Post by spiderwort on Mar 19, 2017 13:46:28 GMT
I suppose that within all of we who love not only films themselves but the understanding of what makes them "tick," there's a director - or screenwriter or editor or DP or even producer - inside, yearning to be unleashed. Your story about the composer friend is revelatory and illustrative (as well as charming). My hubby is a veteran software programmer with a similar sense that's equal parts instinct, intuition and experience, making him the company go-to guy for exposing and exterminating "bugs" in others' code, and I had a chef friend long ago who'd know with one taste when a dish needed a half-teaspoon less of oregano and a half more of basil. Perhaps more prosaic examples than yours, but indicative of the way that certain artistic and/or technical pursuits just seem to "speak" to some at a level beyond that of what hubby refers to as "the user."

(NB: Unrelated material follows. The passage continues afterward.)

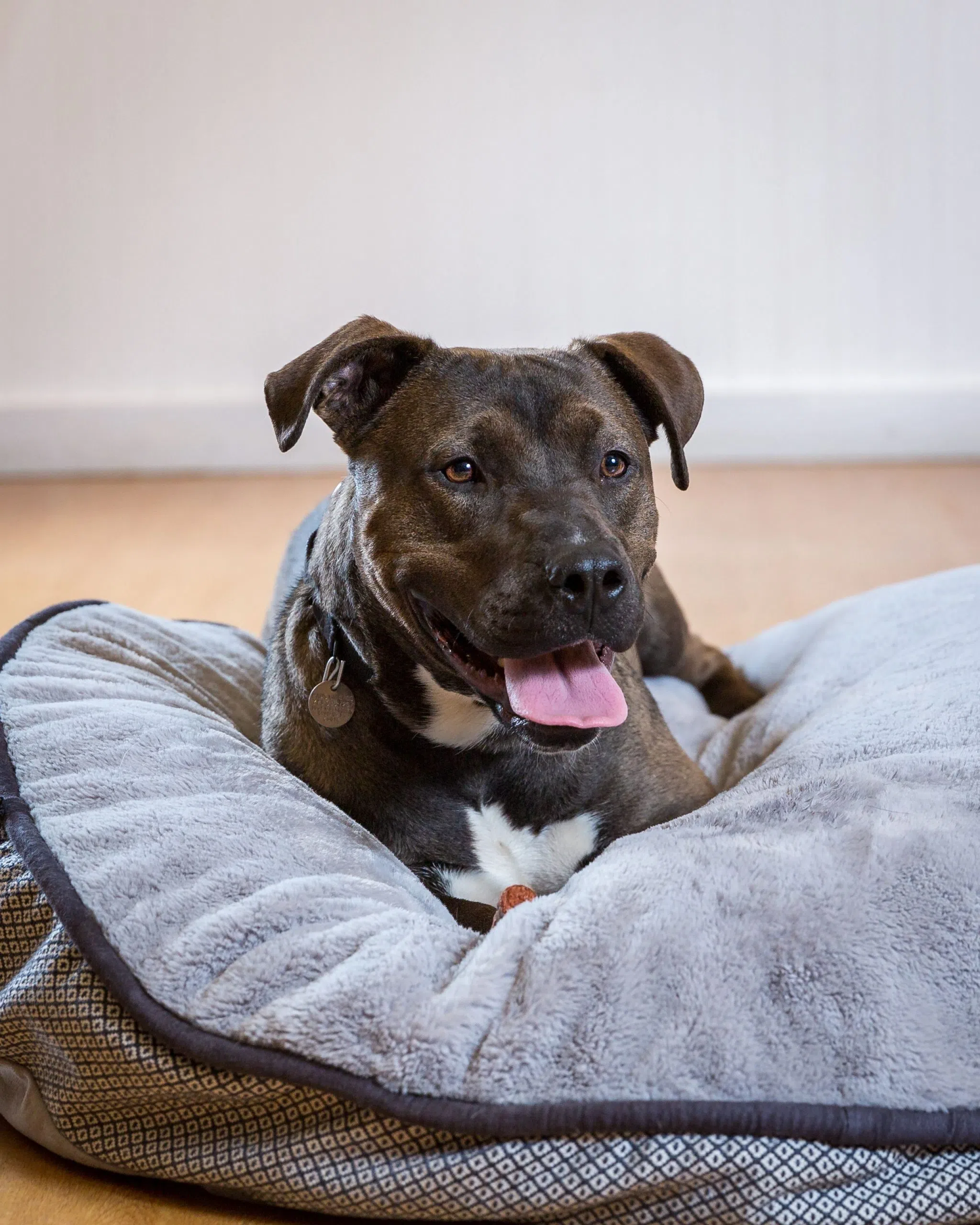 Winston, a one-year-old Bully Breed mix who enjoys long walks, runs, and hikes.

I told this other-side-of-the-coin story more than once back on IMDB boards: in the '80s, I was working for a VP of Post Production who once told me that learning the nuts and bolts of film and TV production when he'd entered the industry 30 years earlier had diminished his enjoyment of the product by destroying the magic inherent in the illusions created. While I understood it, I couldn't relate to it. Although his personal enjoyment may have abated, it yielded benefits: he was the guy at Universal editorial who'd taken teenaged Steven Spielberg under his wing and seen enough in his amateur and student work to bring it to the attention of Syd Sheinberg, so we have him (whose name was Chuck Silvers) to thank for that.

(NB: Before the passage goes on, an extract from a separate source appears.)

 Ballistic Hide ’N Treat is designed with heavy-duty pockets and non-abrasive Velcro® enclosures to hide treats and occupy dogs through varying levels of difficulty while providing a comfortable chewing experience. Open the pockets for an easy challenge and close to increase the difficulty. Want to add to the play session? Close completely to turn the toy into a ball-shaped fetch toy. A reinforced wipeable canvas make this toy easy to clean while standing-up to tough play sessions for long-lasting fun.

Really appreciate your comments, doghouse, and now I understand a little better why you sound like a director. And I agree with you that there's so often a creative spirit inside the viewer who wants to understand the mystery of the process. And many do, over time. Clearly you are one. One of the things related to this that I harp on a lot, because of all the explicit (and so often gratuitous) sex, violence, and profanity we see on the screen these days, is that less is more, and that we need to allow the viewer to become a co-creator in the viewing process, filling in the blanks with their imaginations. And in that way, however subliminally, they begin to internalize a bit of the process, too.
Also for Spielberg, I didn't know the names, but I did know of his early history at Universal. And I know that he's paid it forward in so many ways since those days, helping young directors achieve their goals. But how wonderful that Chuck Silvers was willing and able to help Steven in the first place. I'm sure he was paying it forward, too.